== Provided data ==
====

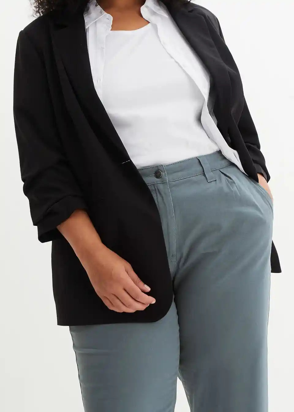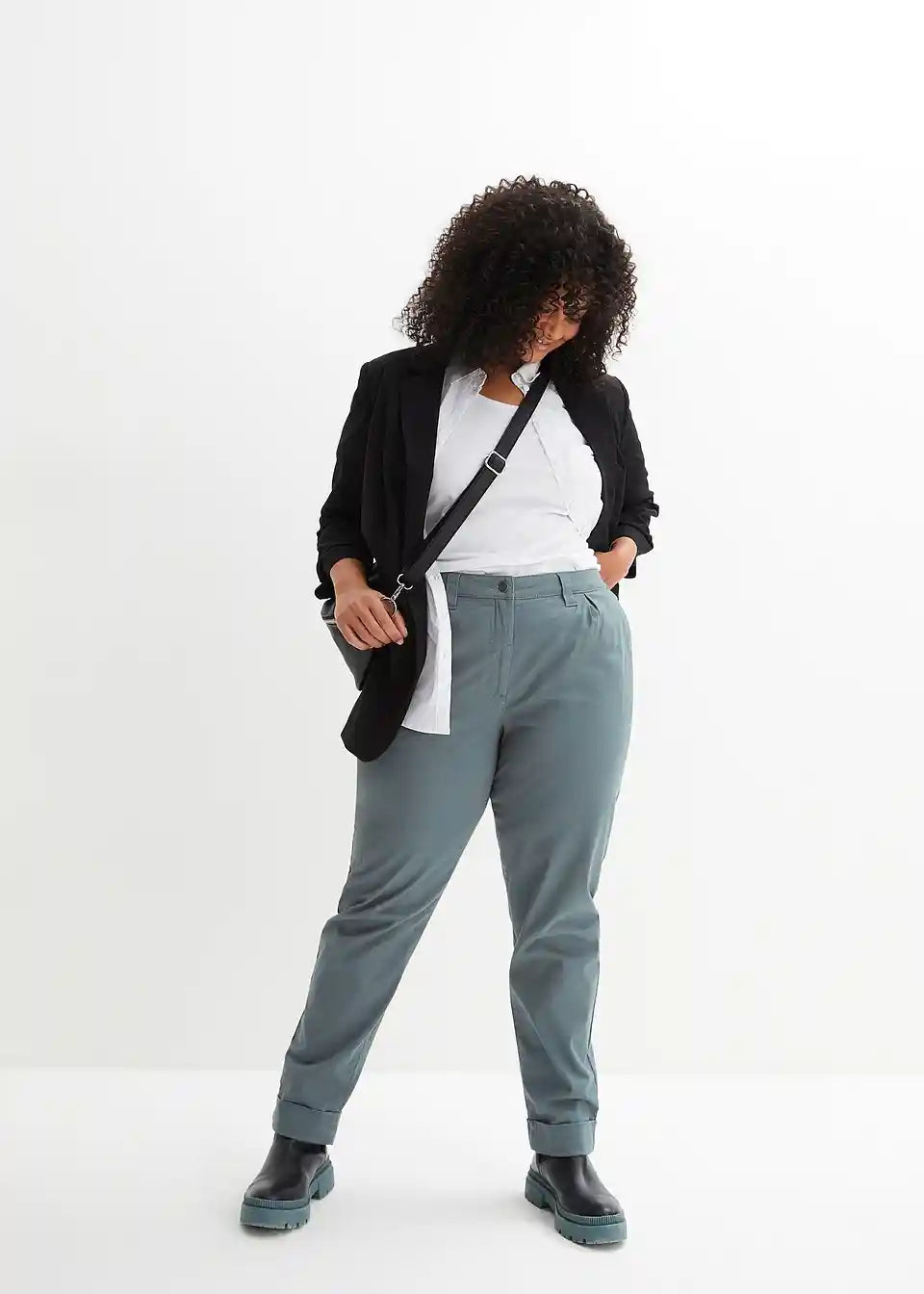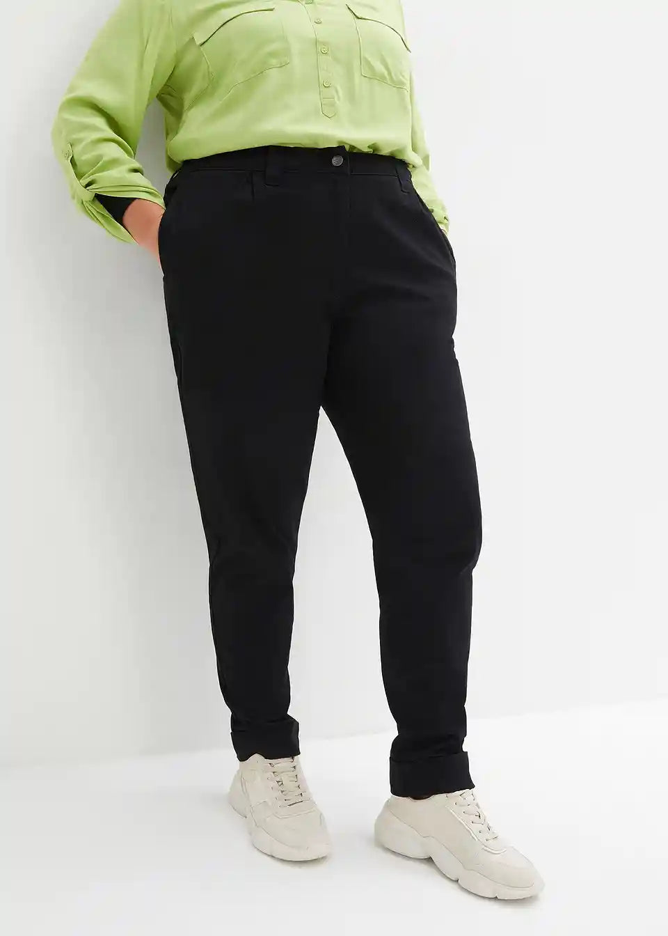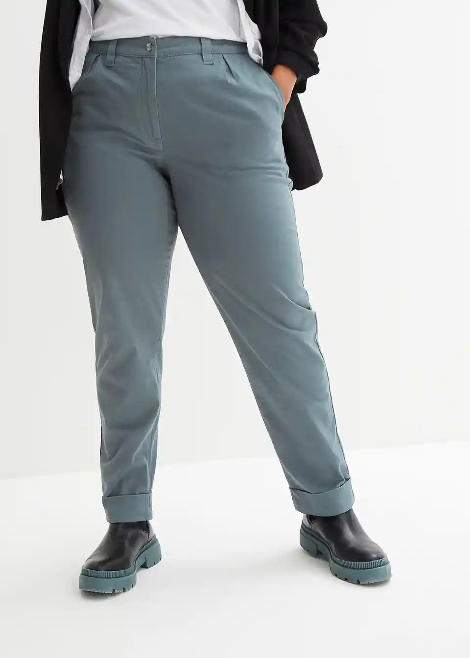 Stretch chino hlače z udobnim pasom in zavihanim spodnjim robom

====

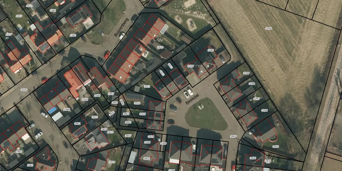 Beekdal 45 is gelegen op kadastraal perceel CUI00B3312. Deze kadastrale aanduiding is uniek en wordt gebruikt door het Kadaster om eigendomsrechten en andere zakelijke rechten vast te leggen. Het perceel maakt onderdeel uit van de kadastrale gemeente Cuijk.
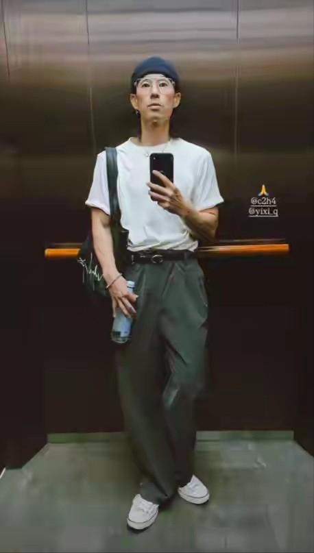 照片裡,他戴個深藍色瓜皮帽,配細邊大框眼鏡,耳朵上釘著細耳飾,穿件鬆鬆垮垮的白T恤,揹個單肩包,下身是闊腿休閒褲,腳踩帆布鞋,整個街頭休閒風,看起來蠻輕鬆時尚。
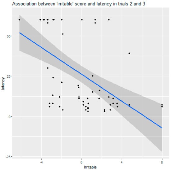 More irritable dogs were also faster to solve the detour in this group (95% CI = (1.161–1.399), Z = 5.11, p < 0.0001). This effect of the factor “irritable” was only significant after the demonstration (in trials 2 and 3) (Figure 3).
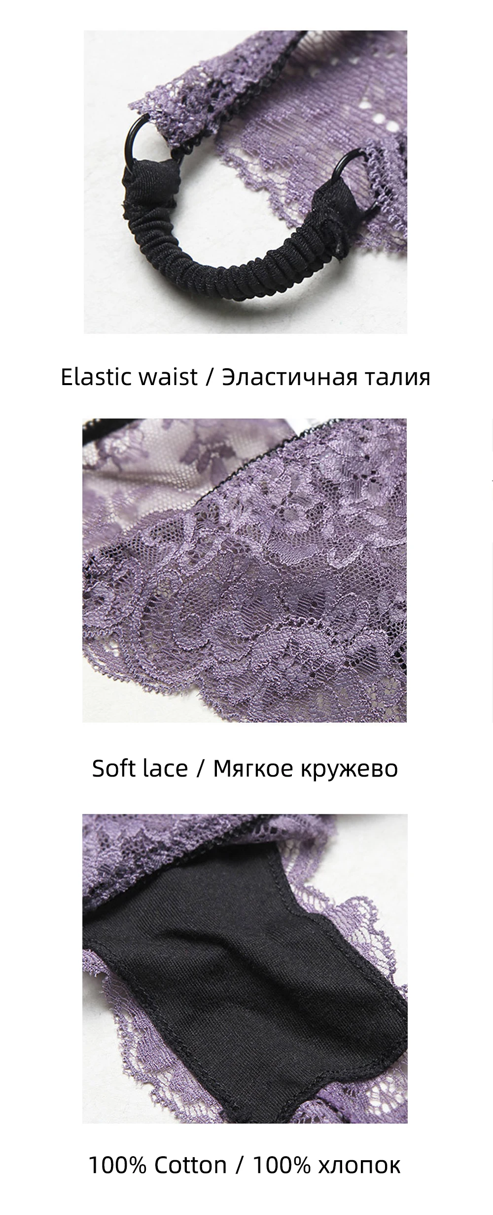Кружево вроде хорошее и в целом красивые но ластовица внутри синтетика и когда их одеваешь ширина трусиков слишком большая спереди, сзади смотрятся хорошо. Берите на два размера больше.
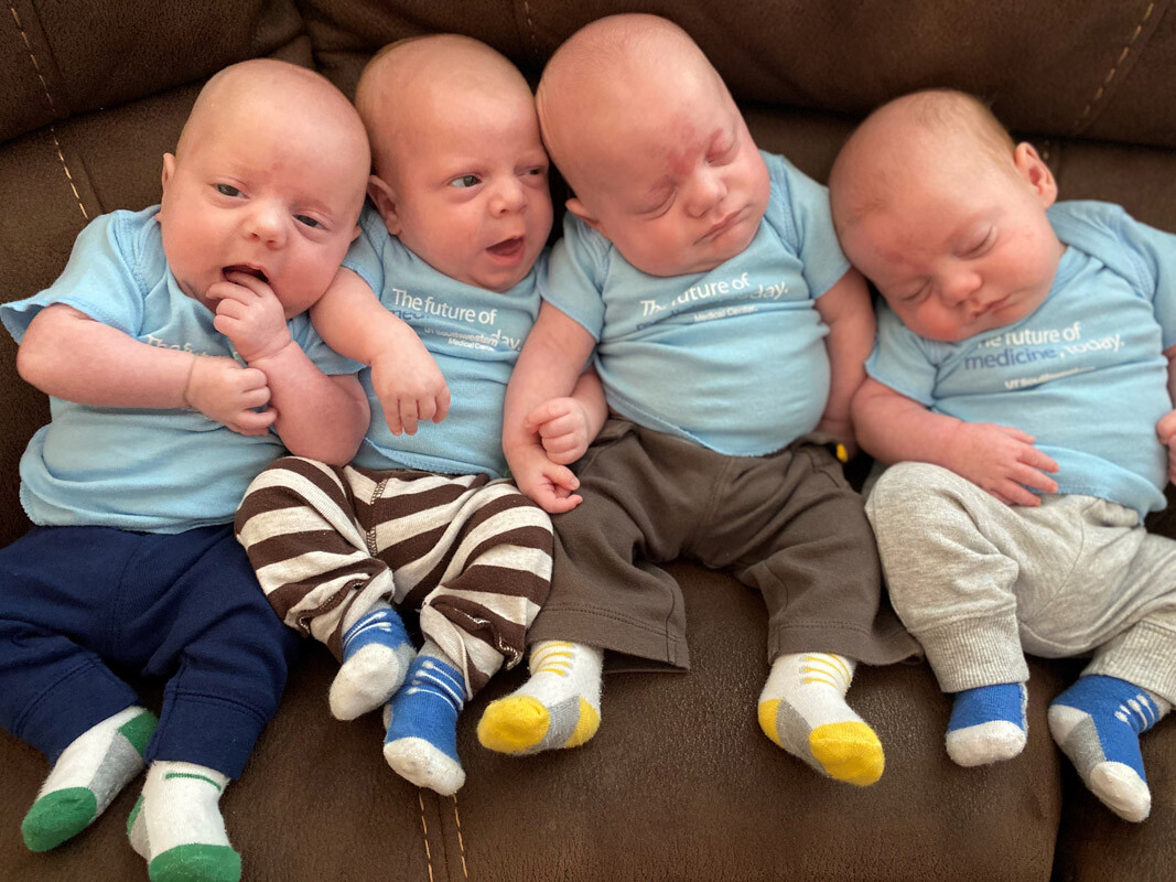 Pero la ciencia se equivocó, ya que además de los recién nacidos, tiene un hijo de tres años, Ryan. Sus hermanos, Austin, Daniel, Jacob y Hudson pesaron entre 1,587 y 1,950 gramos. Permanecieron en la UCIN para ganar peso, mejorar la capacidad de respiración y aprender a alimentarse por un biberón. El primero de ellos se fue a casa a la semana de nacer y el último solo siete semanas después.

====

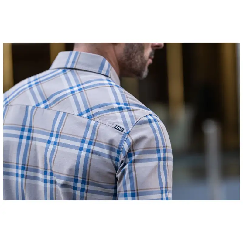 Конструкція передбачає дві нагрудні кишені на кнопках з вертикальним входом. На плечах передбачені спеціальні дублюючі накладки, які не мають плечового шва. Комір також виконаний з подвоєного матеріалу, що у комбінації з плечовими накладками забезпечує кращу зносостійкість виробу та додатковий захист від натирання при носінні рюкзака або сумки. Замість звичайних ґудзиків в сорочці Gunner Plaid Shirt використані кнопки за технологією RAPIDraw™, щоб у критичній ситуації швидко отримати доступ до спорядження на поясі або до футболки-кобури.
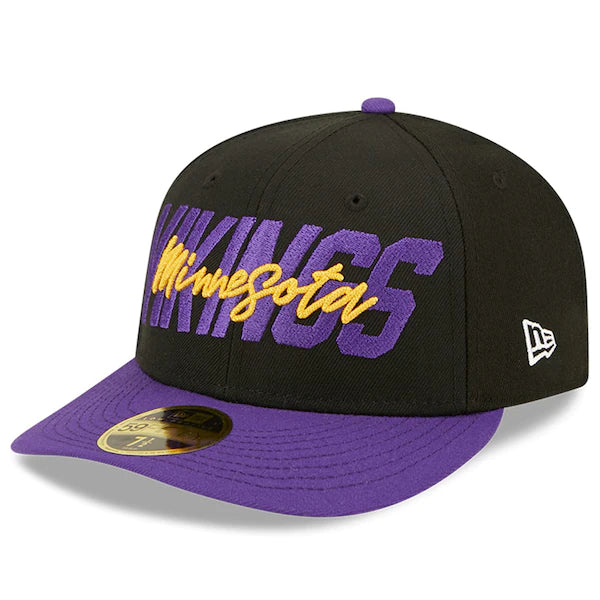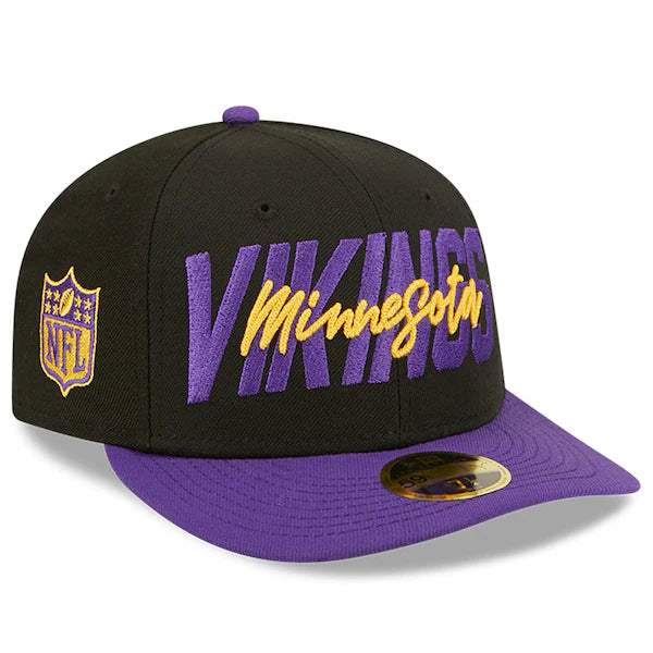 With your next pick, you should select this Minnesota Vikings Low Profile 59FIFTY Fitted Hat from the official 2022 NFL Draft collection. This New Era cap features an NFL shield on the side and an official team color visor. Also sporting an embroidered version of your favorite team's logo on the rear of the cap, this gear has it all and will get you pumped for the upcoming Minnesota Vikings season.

====

== Exercise goal ==
Working from the data above, repeat exactly, and only, the lines that begin at the line containing "Конструкція передбачає дві" and stop after the line containing "With your next"; pictures are not copied.

== Answer area ==
 Конструкція передбачає дві нагрудні кишені на кнопках з вертикальним входом. На плечах передбачені спеціальні дублюючі накладки, які не мають плечового шва. Комір також виконаний з подвоєного матеріалу, що у комбінації з плечовими накладками забезпечує кращу зносостійкість виробу та додатковий захист від натирання при носінні рюкзака або сумки. Замість звичайних ґудзиків в сорочці Gunner Plaid Shirt використані кнопки за технологією RAPIDraw™, щоб у критичній ситуації швидко отримати доступ до спорядження на поясі або до футболки-кобури.
 With your next pick, you should select this Minnesota Vikings Low Profile 59FIFTY Fitted Hat from the official 2022 NFL Draft collection. This New Era cap features an NFL shield on the side and an official team color visor. Also sporting an embroidered version of your favorite team's logo on the rear of the cap, this gear has it all and will get you pumped for the upcoming Minnesota Vikings season.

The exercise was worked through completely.